Data listing:
Content starts
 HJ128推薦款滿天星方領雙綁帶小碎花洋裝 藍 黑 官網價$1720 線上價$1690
Content ends
Content starts
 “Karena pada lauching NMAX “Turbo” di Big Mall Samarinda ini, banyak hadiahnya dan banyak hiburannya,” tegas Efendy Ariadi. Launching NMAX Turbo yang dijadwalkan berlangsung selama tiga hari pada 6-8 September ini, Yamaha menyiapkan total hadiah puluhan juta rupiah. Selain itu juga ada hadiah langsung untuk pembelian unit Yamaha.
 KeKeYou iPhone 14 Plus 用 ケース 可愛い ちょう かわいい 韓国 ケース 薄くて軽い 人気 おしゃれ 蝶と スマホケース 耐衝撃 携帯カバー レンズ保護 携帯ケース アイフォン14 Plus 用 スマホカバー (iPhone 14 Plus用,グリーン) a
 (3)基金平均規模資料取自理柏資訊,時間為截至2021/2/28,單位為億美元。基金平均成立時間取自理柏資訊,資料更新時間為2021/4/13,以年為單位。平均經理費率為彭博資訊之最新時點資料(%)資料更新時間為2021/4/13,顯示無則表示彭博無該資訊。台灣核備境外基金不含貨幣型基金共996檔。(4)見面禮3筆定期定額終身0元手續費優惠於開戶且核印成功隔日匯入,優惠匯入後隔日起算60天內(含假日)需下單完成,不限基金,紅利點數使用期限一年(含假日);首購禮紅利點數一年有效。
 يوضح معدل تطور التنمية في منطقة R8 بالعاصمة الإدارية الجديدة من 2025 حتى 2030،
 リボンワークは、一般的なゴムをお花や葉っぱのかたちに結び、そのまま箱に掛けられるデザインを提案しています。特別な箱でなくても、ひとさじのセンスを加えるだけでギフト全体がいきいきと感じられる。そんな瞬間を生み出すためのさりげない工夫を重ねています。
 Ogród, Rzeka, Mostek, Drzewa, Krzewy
Content ends
Problem details:
Nothing should appear in the answer except the lines above from the line with "(3)基金平均規模資料取自理" through the line with "Ogród, Rzeka, Mostek, Drzewa, Krzewy", both included, written out exactly.

Answer to this exercise:
 (3)基金平均規模資料取自理柏資訊,時間為截至2021/2/28,單位為億美元。基金平均成立時間取自理柏資訊,資料更新時間為2021/4/13,以年為單位。平均經理費率為彭博資訊之最新時點資料(%)資料更新時間為2021/4/13,顯示無則表示彭博無該資訊。台灣核備境外基金不含貨幣型基金共996檔。(4)見面禮3筆定期定額終身0元手續費優惠於開戶且核印成功隔日匯入,優惠匯入後隔日起算60天內(含假日)需下單完成,不限基金,紅利點數使用期限一年(含假日);首購禮紅利點數一年有效。
 يوضح معدل تطور التنمية في منطقة R8 بالعاصمة الإدارية الجديدة من 2025 حتى 2030،
 リボンワークは、一般的なゴムをお花や葉っぱのかたちに結び、そのまま箱に掛けられるデザインを提案しています。特別な箱でなくても、ひとさじのセンスを加えるだけでギフト全体がいきいきと感じられる。そんな瞬間を生み出すためのさりげない工夫を重ねています。
 Ogród, Rzeka, Mostek, Drzewa, Krzewy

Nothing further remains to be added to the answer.